И вдруг яростно завизжал:
— Ну, бей, бей, пока сердце кипит!
И, рванувшись, вырвался и схватил вилы.
— Ребята! — заорал приказчик, хотя кругом никого не было. — За старостой! Прислушайте: он меня заколоть хотел, сукин сын!
— Не суйся, нос сшибешь! — сказал Серый, держа вилы наперевес. — Авось не прежнее вам времечко!
Но тут приказчик размахнулся — и Серый торчмя головой полетел в солому…

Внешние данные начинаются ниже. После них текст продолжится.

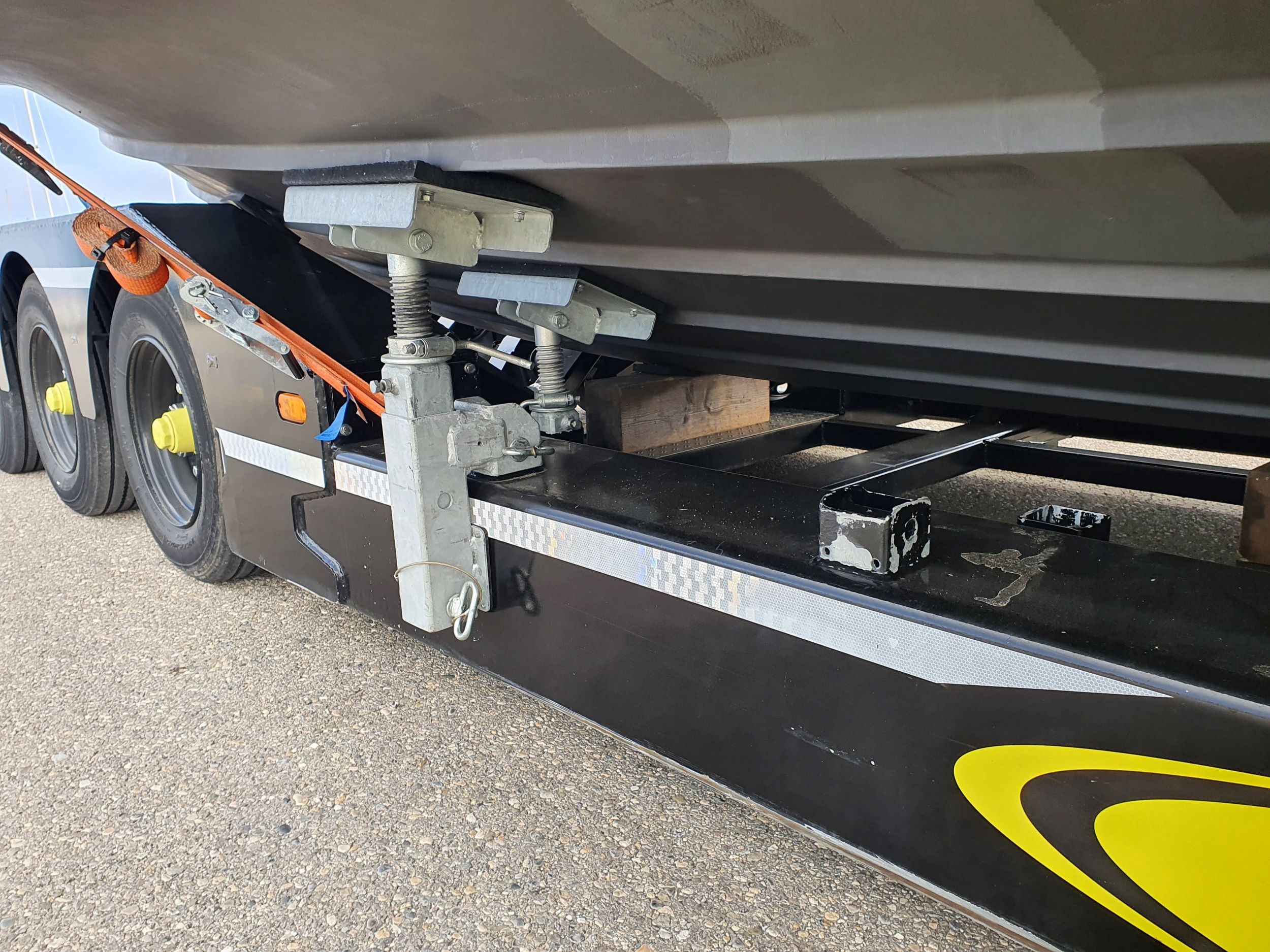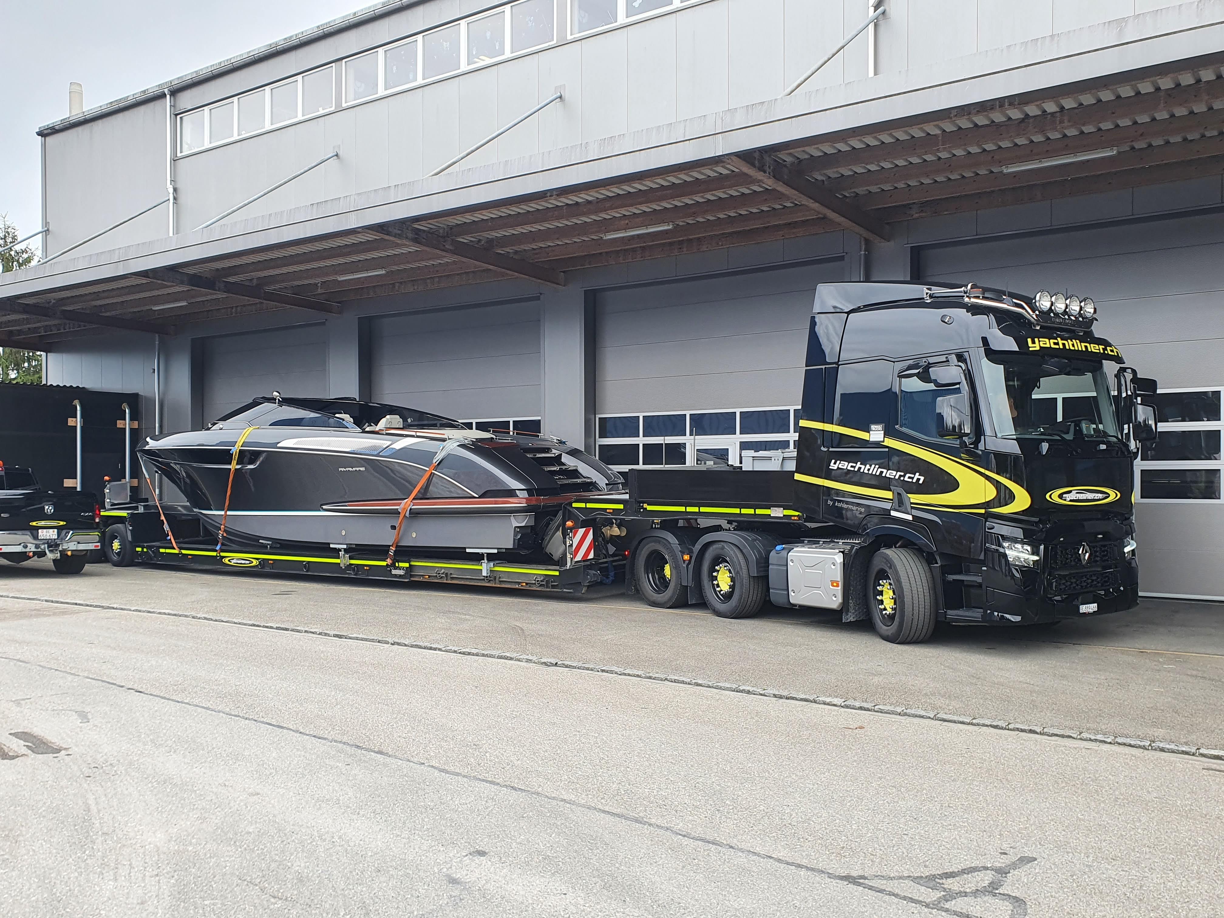 Der Auflieger lässt uns Motorboote von Grossen und Schweren Dimensionen mühelos transportieren.

Все лето Серый сидел опять дома, поджидая милостей от Думы. Всю осень шатался от двора к двору, надеясь пристроиться к кому-нибудь, едущему на клевера… Загорелся однажды новый омет на краю деревни. Серый первым явился на пожар и орал до сипоты, опалил ресницы, промок до нитки, распоряжаясь водовозами, теми, что кидались с вилами в огромное розово-золотое пламя, растаскивали во все стороны огненные шапки, и теми, что просто метались среди жара, треска, льющейся воды, гама, наваленных возле изб икон, кадушек, прялок, попон, рыдающих баб и сыплющихся с обгорелых лозин черных листьев… Как-то в октябре, когда после проливных дождей и ледяной бури застыл пруд и соседский боров соскользнул с мерзлого бугра, проломил лед и стал тонуть, Серый, первый, со всего разбега, шарахнулся в воду — спасать… Боров все равно утонул, но это дало Серому право прибежать с пруда в людскую, потребовать водки, табаку, закуски. Сперва он был весь лиловый, зуб на зуб не попадал, еле шевелил белыми губами, переодеваясь во все чужое, в Кошелево. Потом ожил, захмелел, стал хвастать — и опять рассказал о том, как он честно-благородно служил у попа и как ловко выдал прошлый год свою дочь замуж. Он сидел за столом, с жадностью жевал, заглатывал брусочки сырой ветчины и самодовольно повествовал:
— Хорошо. Снюхалась она, Матрюшка-то, с Егоркой с этим… Ну, снюхалась и снюхалась. Нехай. Сижу как-то под окошечком, вижу — раз Егорка прошел мимо избе, два… а моя — все нырь да нырь к окошечку… Значит, обдумали дело, думаю себе. И говорю бабе: ты тут кормочку скотине дай, а я пойду, — на сходку повещали. Сел за избой в солому, сижу, жду. А уж снежок первый напал. Вижу — опять снизу крадется Егорка… А она и вот она. Зашли за погреб, потом — шмыг в избу в новую, в пустую, рядом. Подождал я сколько-нибудь…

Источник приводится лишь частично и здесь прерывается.